The word sacrifice has many meanings. If we’re using the noun, we could mean that sort of hand-wavy, metaphysical idea of something given up. Or we could be referring to the original meaning, an actual object that is sacrificed the old fashioned-way, knife, altar, and all. And then there’s the verb, similar to the noun except that it could mean “giving something up” or it could mean “slitting something’s throat.” Mild semantic distinction.
But we’re going to talk about the actual verb, to sacrifice. Yes, I mean the knife-and-altar business.
Eid al-Adha (one of the biggest Islamic celebrations) serendipitously landed on the Friday before we all left for our school trip to Spain. I admit that I was mildly uncomfortable. It wasn’t because of the hordes of sheep being herded through the Medina, or because of the grating sound of the whetstone-stations that suddenly cropped up on every street corner to sharpen the city’s knife collection. It wasn’t even because there were three sheep tethered on our roof (dangerously near my drying laundry). It was mostly because of Indiana Jones.

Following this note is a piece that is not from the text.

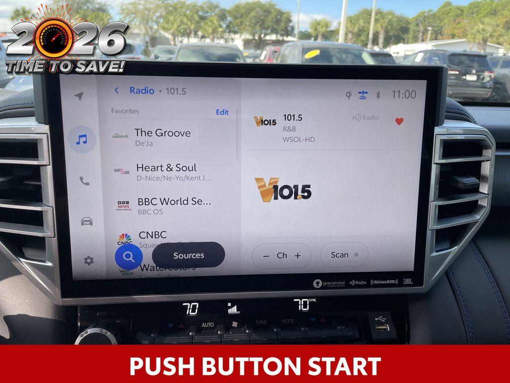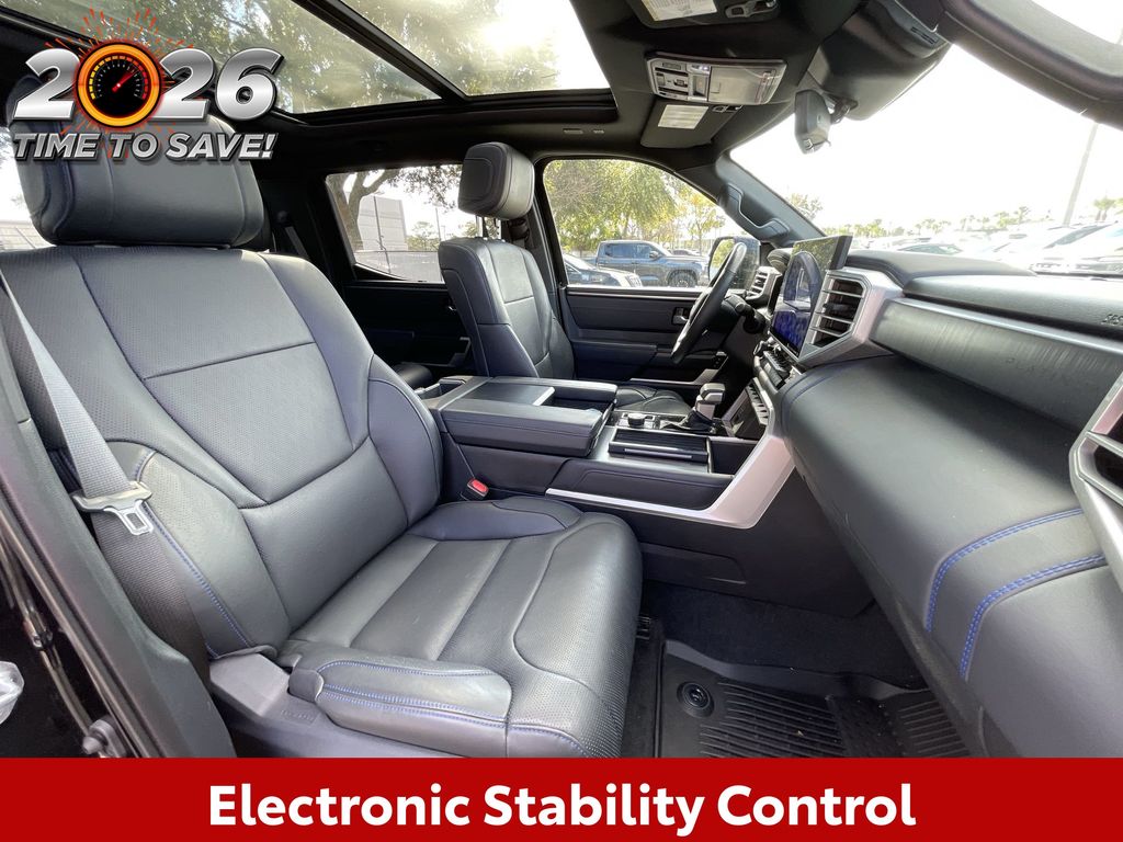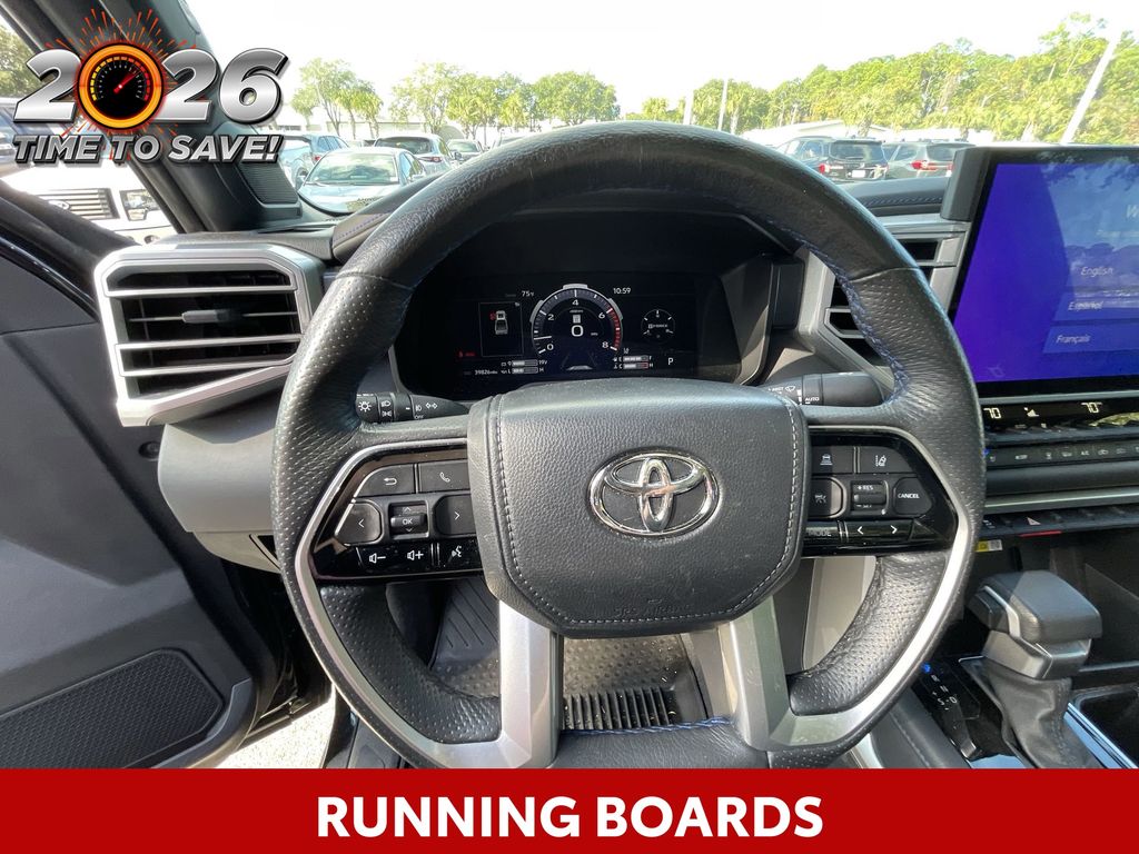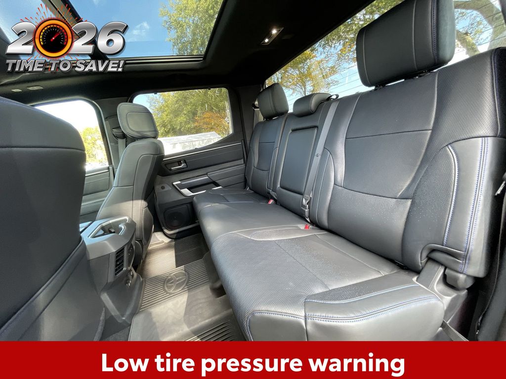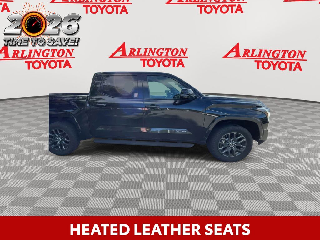 REMAINDER OF FACTORY WARRANTY STILL APPLIES, BACKUP CAMERA, BLUETOOTH HANDS FREE, ANDROID AUTO, APPLE CARPLAY, 4X4/FOUR WHEEL DRIVE, BED LINER, HEATED LEATHER SEATS, POWER SEATS, LOCAL TRADE IN, MEMORY SEATS, SUNROOF/MOONROOF, RUNNING BOARDS, TOW PACKAGE, PUSH BUTTON START, LANE DEPARTURE, ADAPTIVE CRUISE CONTROL, NON SMOKER, Tundra Platinum 4X4, 4D CrewMax, 3.4L V6, 10-Speed Automatic, 4WD, Midnight Black Metallic, Black Leather, ABS brakes, Electronic Stability Control, Front dual zone A/C, Fully automatic headlights, Low tire pressure warning, Steering wheel memory, Steering wheel mounted audio controls, Turn signal indicator mirrors, 10-Way Pwr Adj Heated and Ventilated Front Seats, 12 Speakers, 3.31 Axle Ratio, 4-Wheel Disc Brakes, Air Conditioning, Alloy wheels, AM/FM radio: SiriusXM, Apple CarPlay/Android Auto, Auto High-beam Headlights, Auto-dimming door mirrors, Auto-dimming Rear-View mirror, Automatic temperature control, Brake assist, Bumpers: body-color, Delay-off headlights, Driver door bin, Driver vanity mirror, Dual front impact airbags, Dual front side impact airbags, Front anti-roll bar, Front Bucket Seats, Front Center Armrest, Front fog lights, Front reading lights, Front wheel independent suspension, Garage door transmitter: HomeLink, Heated door mirrors, Heated front seats, Heated rear seats, Heated steering wheel, Illuminated entry, Knee airbag, Leather Seat Trim, Leather Shift Knob, Memory seat, Navigation System, Occupant sensing airbag, Outside temperature display, Overhead airbag, Overhead console, Panic alarm, Passenger door bin, Passenger vanity mirror, Power door mirrors, Power driver seat, Power moonroof, Power passenger seat, Power steering, Power windows, Radio data system, Radio: Audio Multimedia System, Rain sensing wipers, Rear reading lights, Rear seat center armrest, Rear step bumper, Rear window defroster, Remote keyless entry, Safety Connect, Security system, Speed control, Speed-sensing steering, Split folding rear seat, Tachometer, Telescoping steering wheel, Tilt steering wheel, Traction control, Trip computer, Variably intermittent wipers, Ventilated front seats, Ventilated rear seats, Voltmeter, Wheels: 20" Dark Painted Alloy, Tundra Platinum 4X4, 4D CrewMax, 3.4L V6, 10-Speed Automatic, 4WD, Midnight Black Metallic, Black Leather, ABS brakes, Electronic Stability Control, Front dual zone A/C, Fully automatic headlights, Low tire pressure warning, Steering wheel memory, Steering wheel mounted audio controls, Turn signal indicator mirrors.

You remember The Temple of Doom. Scarlet-lit scenes of subterranean dungeons filled with zombies and some dude trying to rip hearts out and calling it “sacrifice.” Despite my better judgment, this was the perception I had of honest-to-goodness sacrifices. Having grown up in a farm-setting, I am familiar with the process of slaughtering and butchering an animal and have no particular problem with eating it afterward. But the mystery and “bloodiness” of an actual religious sacrifice wrapped the whole idea in a shroud of uneasiness.
Who knew, maybe my kind, elderly host mother would suddenly transform into a raging maniac, don necklaces of human teeth, and start slashing as the light of day magically transformed into red stage-light and harpsichords blared in the background!
Ok, reality check: Indiana Jones isn’t real.
The morning of Eid donned slightly cloudy. My host mother greeted me warmly (no tooth-necklaces in sight) and served pancakes and honey for breakfast. Relatives came dressed in old clothes and cheerfully talked and drank tea in the salon. Then they moved outside and quickly, efficiently, slit the sheep’s throats and proceeded to skin and butcher them. It rained slightly as the women carefully washed away the blood and began to clean the offal (sheep are expensive and nothing is wasted).
They worked hard and long and finally rested as skewers of liver and heart roasted on the fire. Lunch was festive, eaten outside with tea and the freshest lamb you will ever eat. Relatives and friends visited and people talked and ate just a bit too much.
And that was the bloody horrendous mysterious sacrifice.
One of the biggest reasons that people of one culture think of another culture as “savage” or “strange” is because they picture The Temple of Doom when they should picture Thanksgiving. So what did I learn on my day off from school? Hollywood lies, lamb liver is awesome, lamb intestine… not so much.